Study Strengths and Limitations
Strengths of the study include the prospective nature of the data and the relatively large size of the study with a long follow-up period. We used a high-quality validated clinical assay in routine use in clinical biochemistry departments to measure both NT-proBNP and hsTnT.
Weaknesses include the findings being based on doctor-diagnosed HF, and although diagnoses were usually supported by evidence from hospital investigations, there is likely to be some outcome misclassification, including underreporting of incident HF. Because we did not have echocardiographic data, we were unable to differentiate incident HF with reduced ejection fraction from HF with preserved ejection fraction.

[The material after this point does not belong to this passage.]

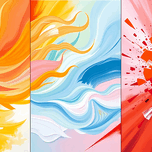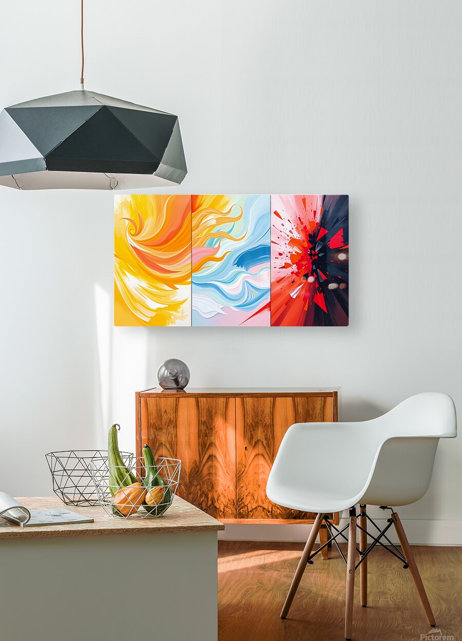 Experience the vibrant flow of energy with this abstract triptych artwork, featuring bold swirls of yellow, serene blues, and explosive reds. Each pan...[+]

Similarly, routine coronary angiography was not performed, in common with most cohort studies. These limitations mean that we can not be sure to what extent information gained from measuring hsTnT overlaps with information that have might been available had other diagnostic investigations been performed. However, a potential use of cardiac biomarkers is to select the most appropriate patients in which to carry out these investigations.31, 32 Finally, we studied older male survivors from a socioeconomically representative general cohort study, but participants were a predominantly white population of European origin, so that the results can not be generalized directly to women, younger individuals, or other ethnic groups. However, additional studies, such as ARIC (ages 45–64 y at baseline),9 also demonstrated an association of hsTnT with incident HF in both men and women in an ethnically diverse cohort, providing external validity.
Conclusions
Although NT-proBNP is the most powerful predictor of HF, even low-grade elevation of hsTnT is consistently associated with a higher risk of HF in older men, and HF rarely occurs when hsTnT is near the limit of detection. Interventions to prevent myocardial injury may mitigate risk of HF in later life.
Disclosures
P.W. has received grant support from Roche Diagnostics. N.S. reports consulting, speaking, and/or honoraria from Amgen, Roche Diagnostics, Sanofi/Regeneron, Astra Zeneca, Boehringer Ingelheim, Novo Nordisk, and Janssen. J.M. reports consulting fees from Cytokinetics/Amgen. All of the other authors report no potential conflict of interest.
Acknowledgments
The authors thank Elaine Butler (University of Glasgow) for technical support.
Footnotes
Funding: Supported by the BHF Programme grant (RG/08/013/25942), which funds the British Regional Heart Study. PW was supported by BHF fellowship FS/12/62/29889, which funded biomarker work. None of the funding bodies were involved in the study design or the collection, analysis, and interpretation of data for this paper or in the writing of the report.